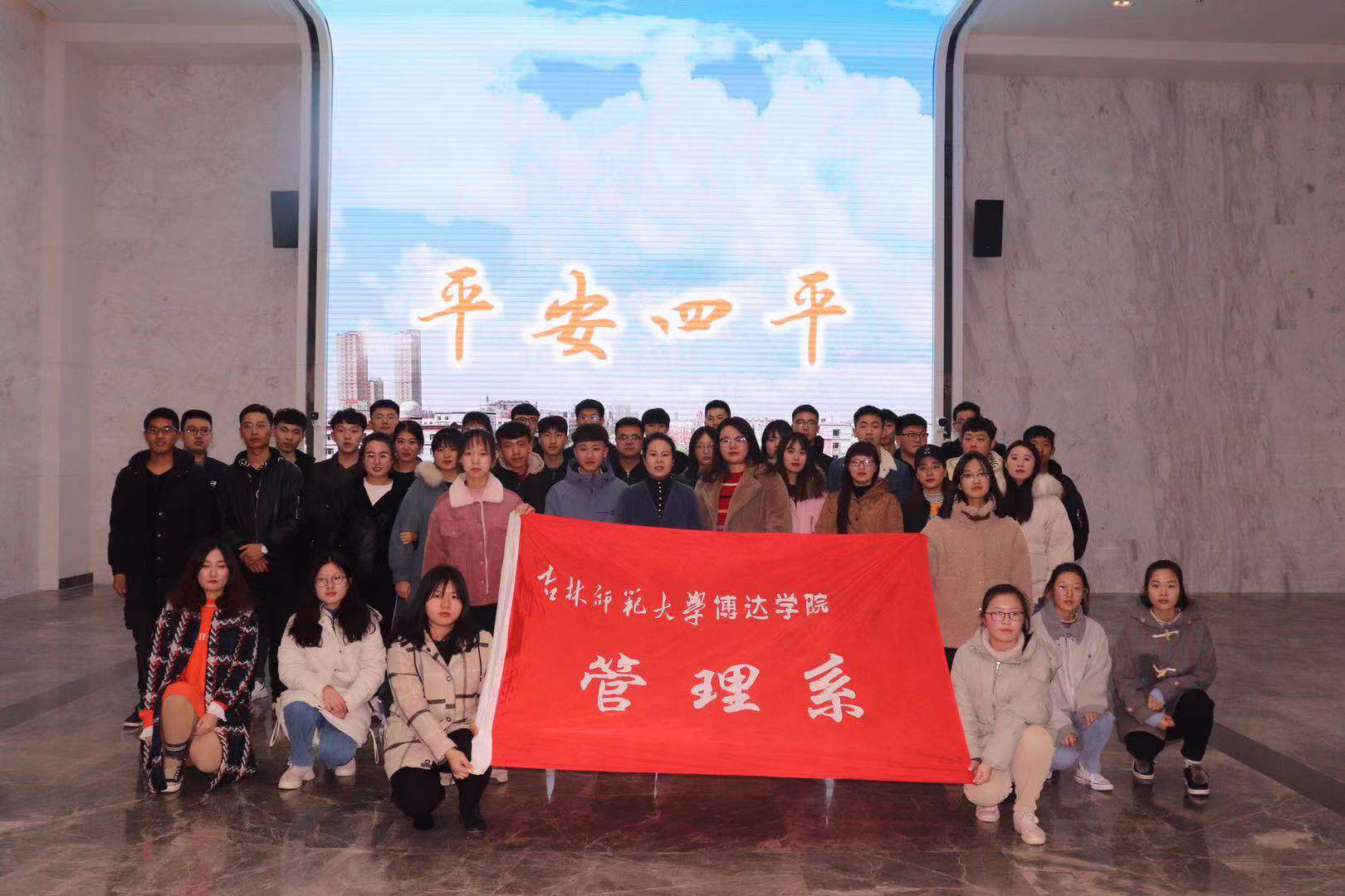 为了进一步增强学生日常安全防范意识和提高自我保护能力,维护校园稳定,2019年2月27日下午,吉林师范大学博达万博体育官网管理系学工办主任耿丽娜老师和辅导员梁婧老师,组织管理系各年级各班同学到平安四平宣传教育馆参观学习。
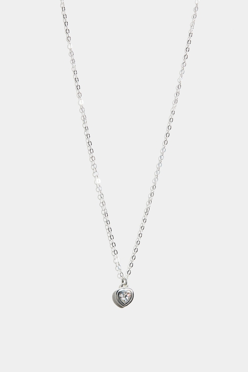 Halskæde i ægte sølv med hjerteformet kubisk zirkonia
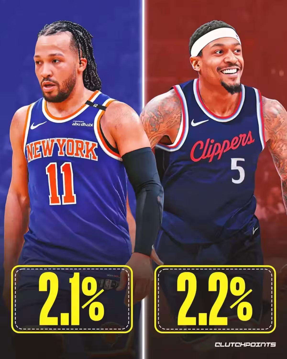 布倫森被認為入選名人他的機率是2.1%,雖然布倫森在過去兩年成為了紐約之王,但是積累的榮譽和數據還是太少了,他不被看好也是情理之中,不過隨著職業生涯的深入,他會越來越出色的。比爾的機率是2.2%,比爾雖然多次入選過全明星,巔峰時期還是聯盟頂級得分手,但是帶隊戰績太爛了,不受認可也是正常。
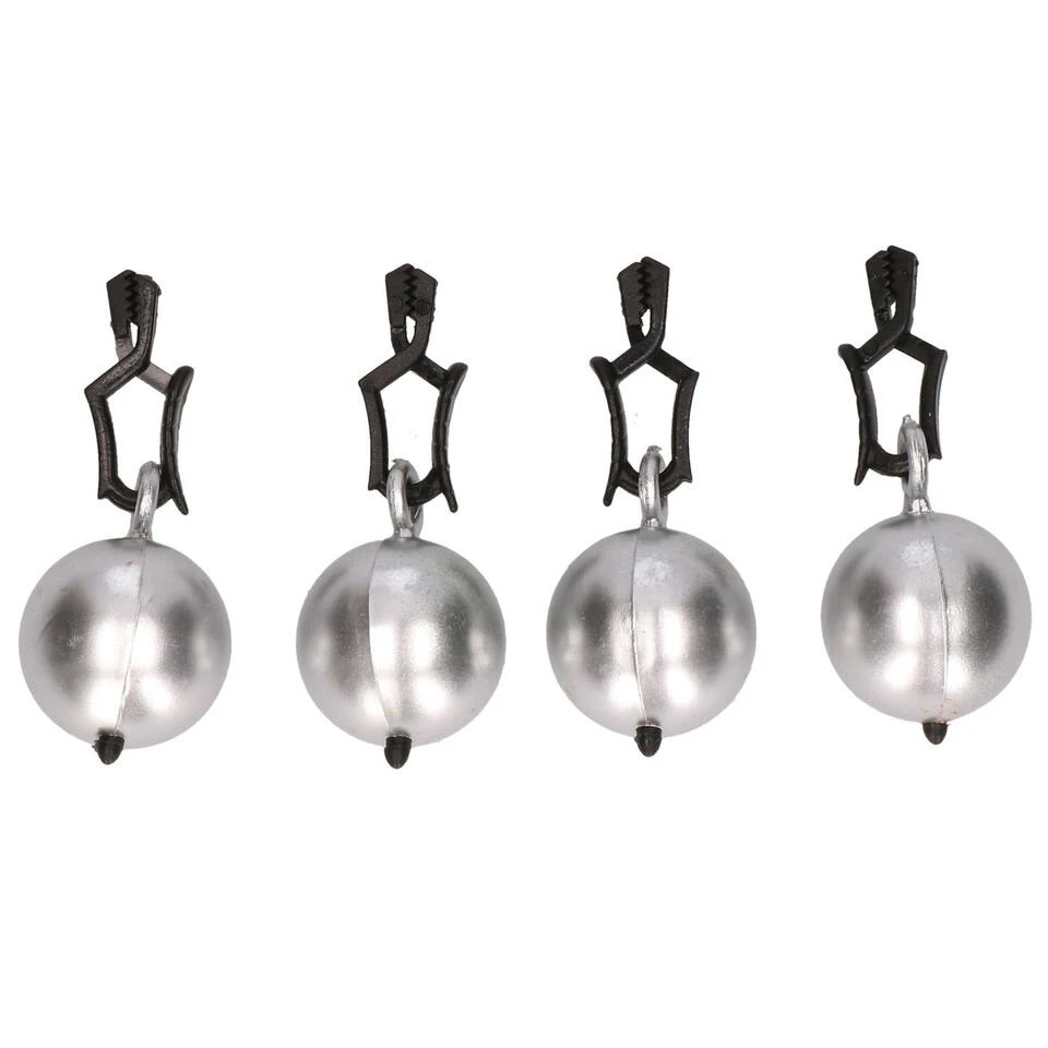 4x Tafelkleedgewichtjes zilveren kogels/ballen 3,5 cm. Set van 4 zilverkleurige tafelkleed/tafelzeil klemmen in de vorm van kogeltjes/balletjes. Deze hangers kunnen aan een tafelkleed/tafelzeil gehangen worden zodat deze niet weg kan waaien.
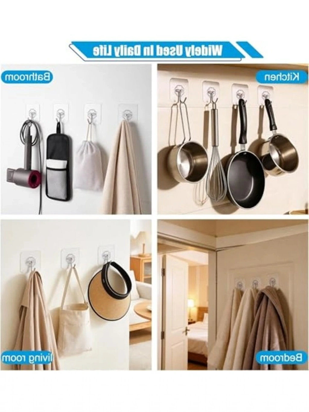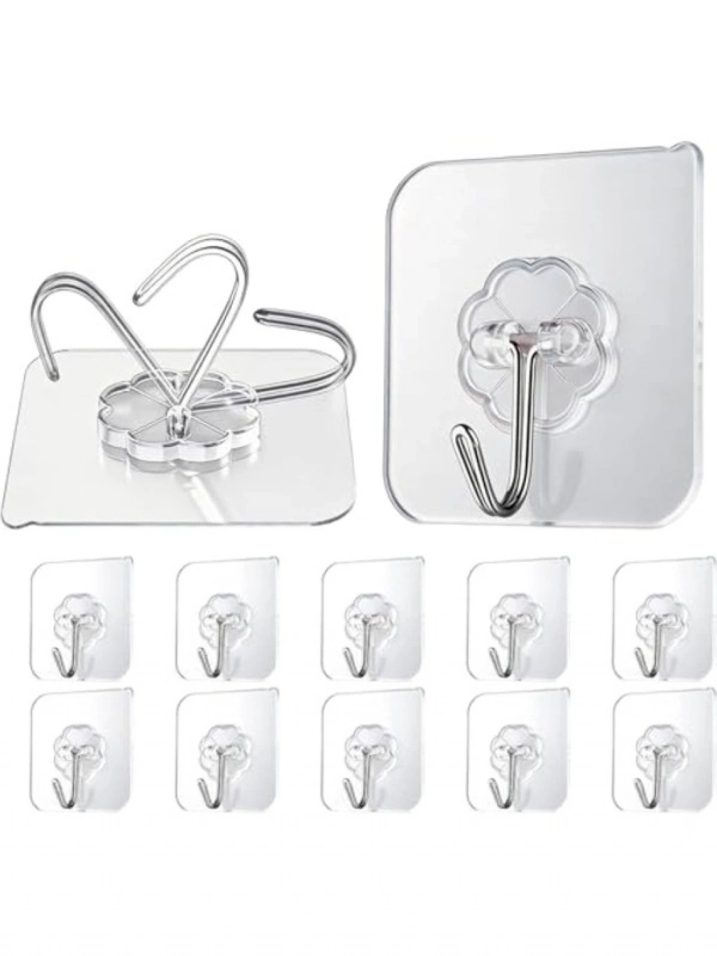 Kapı arkasında kullanabileceğiniz 20 adet güçlü yapışkanlı şeffaf duvar askısı, pratik bir organizer çözümü sunar. Yapışkanlı kanca yapısı ile her türlü yüzeye kolayca yapışarak yer tasarrufu sağlar, eşyalarınızı düzenlemenizi kolaylaştırır. Kullanışlı ve işlevsel tasarımı sayesinde evdeki dağınıklığı ortadan kaldırır.
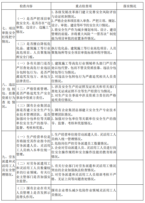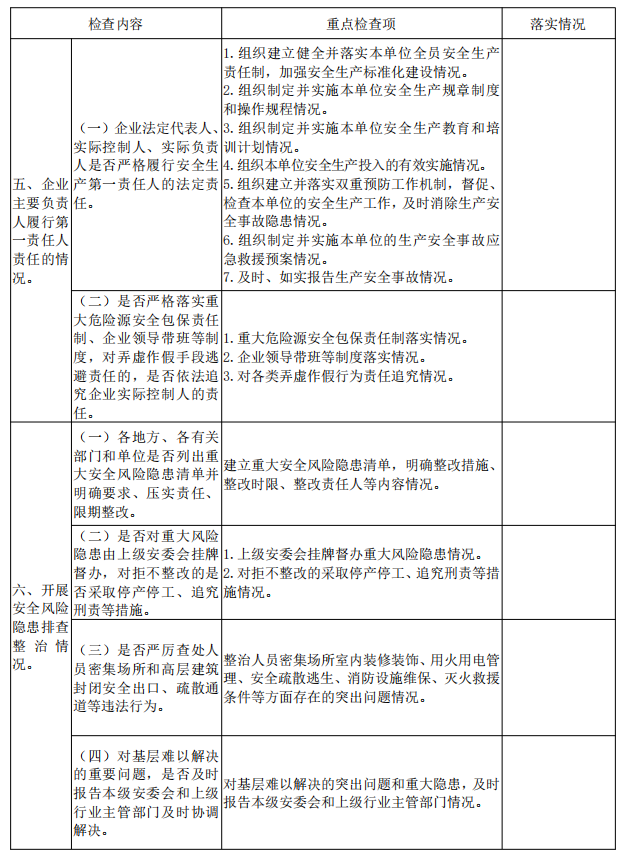 (六)开展安全风险隐患排查整治情况。各级各有关部门是否列出重大安全风险隐患清单并明确要求、压实责任、限期整改,是否严厉查处人员密集场所封闭安全出口、封闭疏散通道等违法行为,是否由上级安委会挂牌督办重大隐患,对拒不整改的是否停产停工、追究刑责,对基层难以解决的问题是否及时报告等。
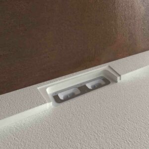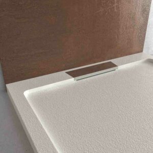 Le receveur de douche réalisé avec les résines modèles de dernière génération STYLE de couleur Blanc, il présente un design moderne, avant-gardiste et unique. C’est la fusion entre une plaque lisse et une avec cadre. Il est fini en GEL COAT antibactérien et en texture ardoise. Peut être coupé en taille. La grille cache une grande vanne de débit.
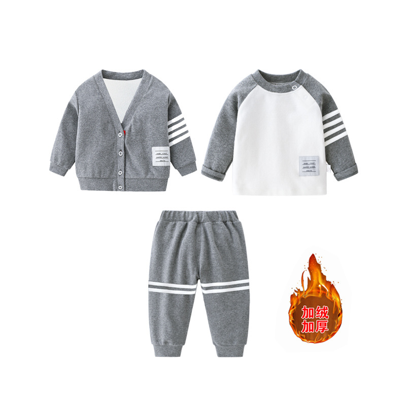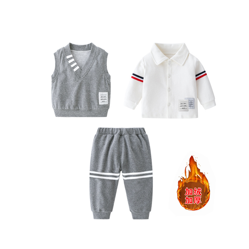 아기의 가을과 겨울 옷 소년의 잘 생긴 영국 원피스 세트 바지 아기 아이들의 두꺼운 3 조각 세트스토어 가기
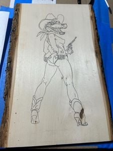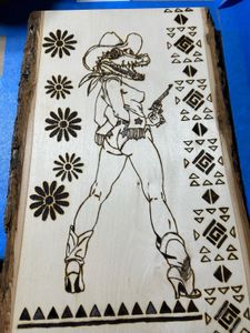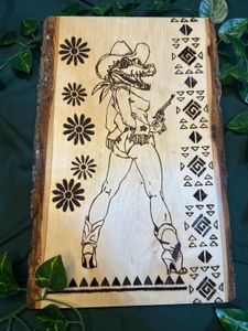 Add some untamed western charm to your space with “Crocodile Cowgirl”, an original piece of hand-burned pyrography art. Crafted over 8 hours of detailed wood burning, this bold and rustic cowgirl-meets-crocodile design is sure to turn heads and spark conversation.
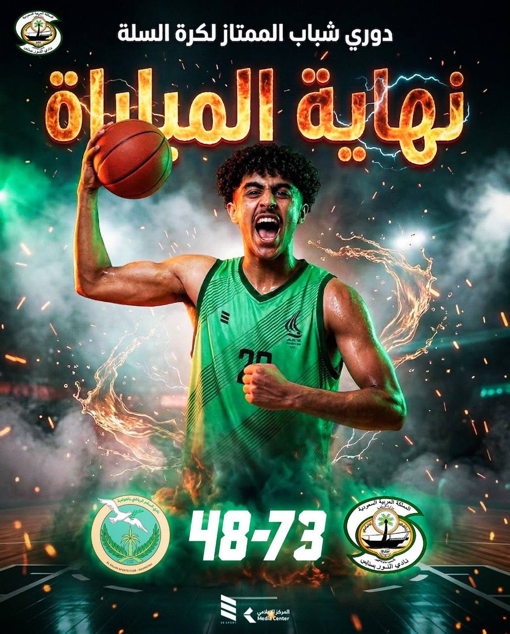 انتهت المباراه لدوري شباب الممتاز لكرة السلة يوم الثلاثاء الموافق ٢٨\٤\٢٠٢٦ بفوز نادي السلام ٤٨ نقطة على نادي النور ٧٣ نقطة .
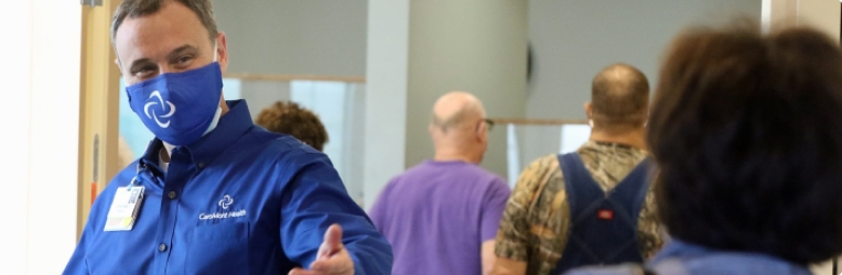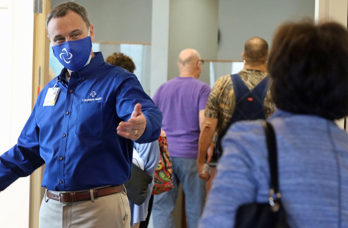 Chris Peek, President and CEO of CaroMont Health welcomes educators as they arrive for their first COVID-19 vaccinations. Photo courtesy of the Gaston Gazette.

What the task asks: Set down exactly and only the lines from the line that contains "Add some untamed" through the last line of the entries above, with both of those lines included and the pictures left out.

Answer box:
 Add some untamed western charm to your space with “Crocodile Cowgirl”, an original piece of hand-burned pyrography art. Crafted over 8 hours of detailed wood burning, this bold and rustic cowgirl-meets-crocodile design is sure to turn heads and spark conversation.
 انتهت المباراه لدوري شباب الممتاز لكرة السلة يوم الثلاثاء الموافق ٢٨\٤\٢٠٢٦ بفوز نادي السلام ٤٨ نقطة على نادي النور ٧٣ نقطة .
 Chris Peek, President and CEO of CaroMont Health welcomes educators as they arrive for their first COVID-19 vaccinations. Photo courtesy of the Gaston Gazette.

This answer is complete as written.